Вечером, точнее, под вечер, Эмек выводит меня в вольер для зебр. Солнце висит низко и уже начинает краснеть. Интересно, который час? А, не важно. Я сажусь, прислоняюсь спиной к разрушенной стенке, подставляю лицо теплым лучам. Воздух пахнет травой и цветами. Только теперь я понимаю, какая ужасная духота была в погребе.
— О! Ты вышел! — тихо восклицает Лидка. — Вот хорошо!
Я приоткрываю глаза и улыбаюсь ей.
На Лидке темно-синее платье с кружевами, дырявые белые чулки и черные лакированные полуботинки на ремешках.
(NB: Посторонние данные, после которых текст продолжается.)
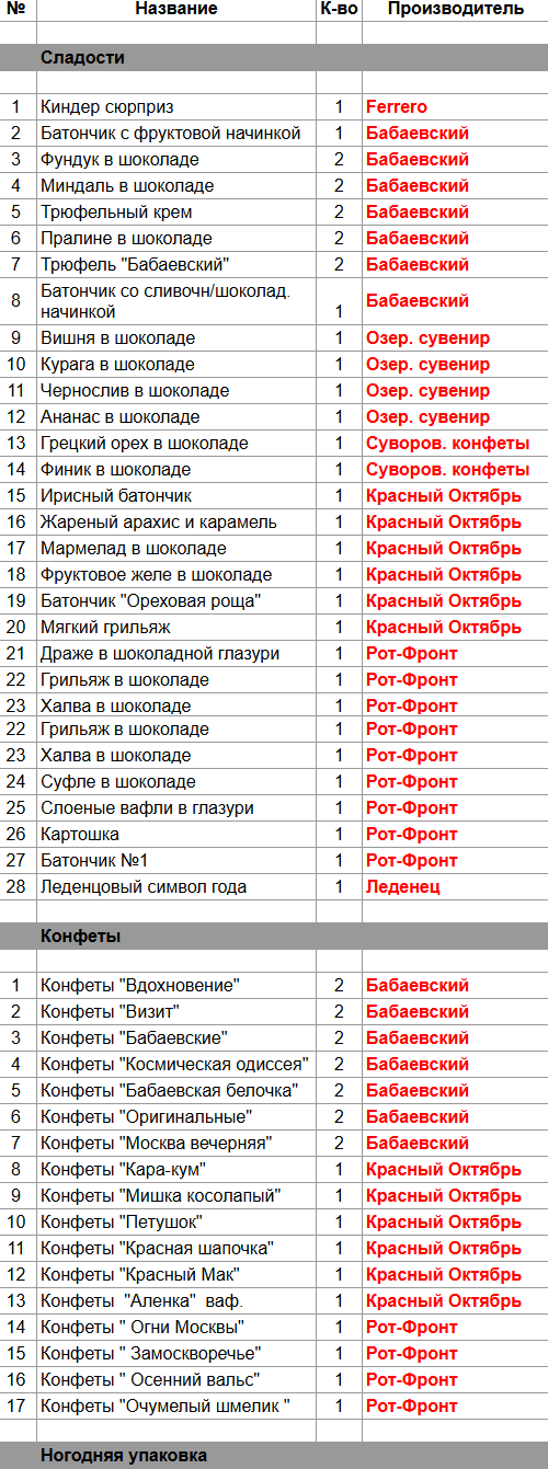 Драже в шоколадной глазури (1 шт), Грильяж в шоколаде (1 шт), Халва в шоколаде (1 шт), Суфле в шоколаде (1 шт), Слоеные вафли в глазури (1 шт), Картошка (1 шт), Батончик №1 (1 шт), Конфеты " Огни Москвы" (1 шт), Конфеты " Замоскворечье" (1 шт), Конфеты " Осенний вальс" (1 шт), Конфеты "Очумелый шмелик " (1 шт)

Волосы она заплела в две короткие косички и перевязала обрывками лент. Она осторожно садится на землю рядом со мной, но перед этим очень тщательно подметает ее веткой. Мне немножко смешно, но я из уважения сдерживаюсь. Мы прячемся в зоопарке, а она боится запачкать платье!
— У тебя волосы оранжевые, — говорит она.
— Я знаю.
— А почему?
— Их хотели осветлить, чтобы я был не так сильно «похож». Но ничего не вышло.
— Ну ты и правда теперь не такой.
— Не какой?
— Непохожий. Ни на кого. Я никогда в жизни не видела человека с оранжевыми волосами — ни еврея, ни поляка, ни даже немца.
— Это верно, — киваю я и смеюсь, но тут же начинаю задыхаться, и смех превращается в кашель.
— Ничего, вот поправишься — увидишь. — Лидка похлопывает меня по плечу. — Ой, ты же еще должен кое с кем познакомиться!
— С кем? — хриплю я, наконец справившись с кашлем.
Лидка загадочно улыбается, а потом вытягивает губы трубочкой и коротко свищет. Поначалу ничего не происходит, но вдруг я вижу, что через кусты за деревянной оградой пробирается какой-то серый зверек.
— Это Микся, — гордо говорит Лидка и протягивает к существу руки.
Я с удивлением разглядываю его. Значит, зоопарк все-таки не пустой, по крайней мере, не совсем. Морлокам не удалось украсть всех животных!
— Кто он такой? — шепотом спрашиваю я.
— Енот, — объясняет Лидка. — Енот-полоскун. Родом из Америки. Правда, он милый?